Will Smith’s near 20 year career of smashing it out of the park came to an abrupt halt when sci-fi spectacle Another Earth so spectacularly failed. He dropped back for a while, licked his wounds (he had penned the story as well as produced the movie with his wife and starred in it with their son) before making a return. We can report that Focus, his latest big screen outing after sitting on the sidelines for the best part of two years, is a confident if not knockout return to form.
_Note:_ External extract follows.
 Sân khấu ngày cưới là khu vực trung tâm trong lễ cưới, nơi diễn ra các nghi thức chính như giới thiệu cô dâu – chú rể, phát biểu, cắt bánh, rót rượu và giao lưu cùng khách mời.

Smith is Nicky Spurgeon, a con artist par excellence, who takes in feisty hottie Jess (Aussie newcomer Margot Robbie) under his wings and shows her how the con is done. She’s a natural, the pair hit it off but in a world where you can never trust anyon and nothing is what it seems, it’s not going to be simple. By the time they cross paths many years later on the big job, each other’s motivations, skills and desires are up for grabs as everyone, and most importantly the audience, is never sure who is playing which angle.
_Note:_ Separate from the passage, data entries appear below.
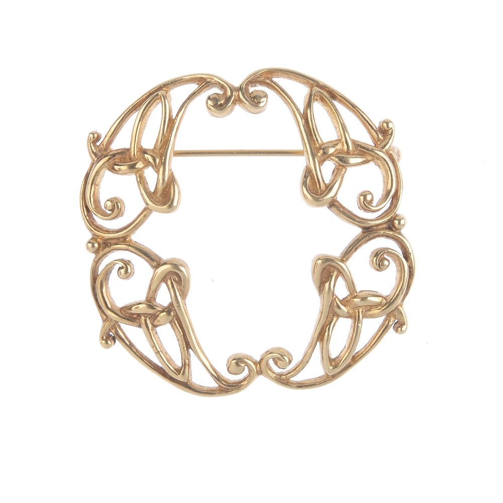 AN ANTIQUE EDWARDIAN PERIDOT AND PEARL BROOCH / PENDANT in 9ct yellow gold, the scrolling openwor...AN ANTIQUE EDWARDIAN PERIDOT AND PEARL BROOCH / PENDANT in 9ct yellow gold, the scrolling openwork body set with a round cut peridot accented by pearls, suspending a pear cut peridot drop, stamped 9ct
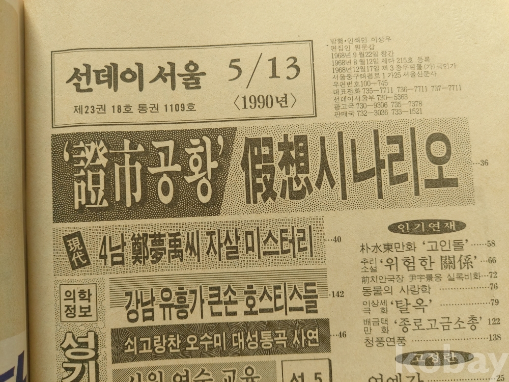 - 1990년 05월13일발행.(제23권18호) 제1109호.
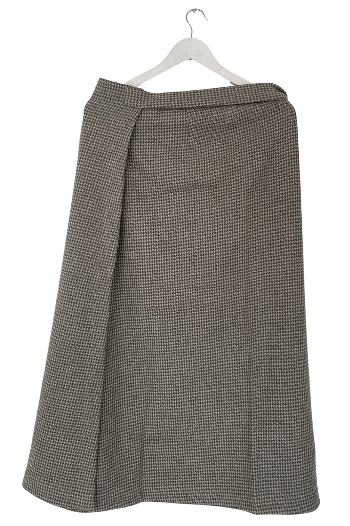 The Wool Wrap Skirt Cocoon Maxi in Grey Neutral combines warmth, elegance, and everyday ease. Handwoven by the skilled artisans of Bhuttico Weavers, it features a timeless houndstooth pattern that adds subtle texture and sophistication.

As caper heist-esque flicks go, the fun is in the journey, the sleight of hand that tricks and beguiles, not in the meat and potatoes of characterisation, human emotion blah blah. To criticise a film this shiny and glossy for a lack of depth would be to miss the point – screenwriters and directors Glenn Ficarra and John Requa (Crazy Stupid Love) do attempt to inject an emotional undercurrent to the whole shebang but it is only partially successful.
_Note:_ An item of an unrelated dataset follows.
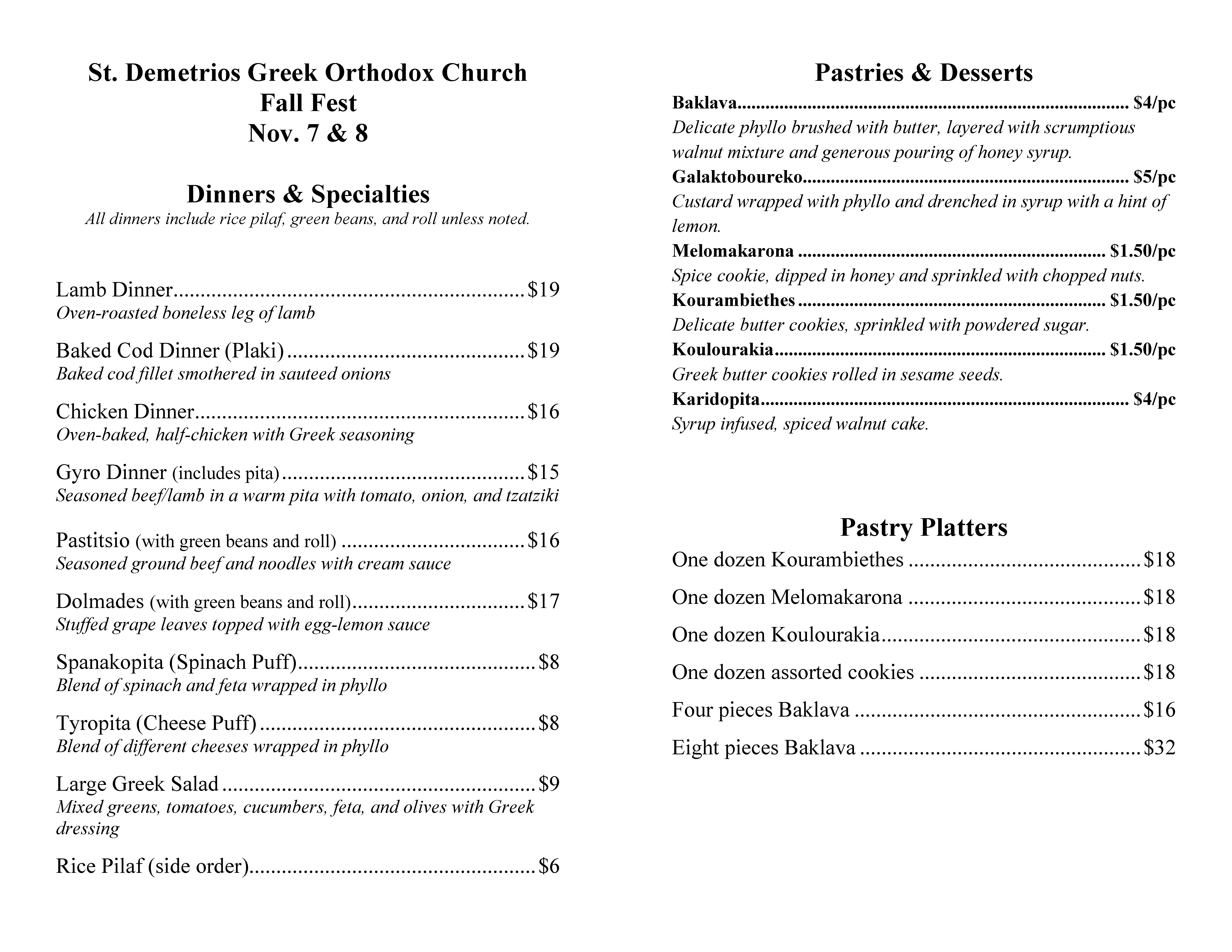 Roast Lamb, Athenian Chicken, Dolmades, Fish, Greek Salad,

Smith is on the charm offensive and in this respect Focus plays to his advantages; he is naturally winning and warm and convinces as a smooth talking super-con, but he’s less effective at convincing as the morally-dubious trickster who has eye on the prize and nothing more. Robbie is on the ascendancy though – after a standout turn in Scorsese’s The Wolf Of Wall Street, she again continues to climb the Hollywood ladder and will be making waves over the next few years with a turn in David Yates’ live action Tarzan alongside the likes of Christoph Waltz, Samuel L Jackson and Alexnder Skarsgard and then re-teaming with Smith for comic- book adap Suicide Squad

The pocket-snatches, the misdirection, the players – the whole game of it is absolutely enthralling to watch and will convince you that there was really more going on than there truthfully is. But while the con is on, it’s a blast. 

 

Focus is out Feb 28 courtesy of Warner Bros

Also out this week

Second Best Marigold Hotel has a tough to act to follow – its first outing was a charming, emotional little gem. Could titling itself ‘second best’ be tempting fate?

The Boy Next Door sees Jennifer Lopez back on the silver screen as a teacher who sleeps with the titular bloke from down the road only for said lucky little man to develop a bit of an obsession with Ms Lopez. A revere Fatal Attraction, if you will.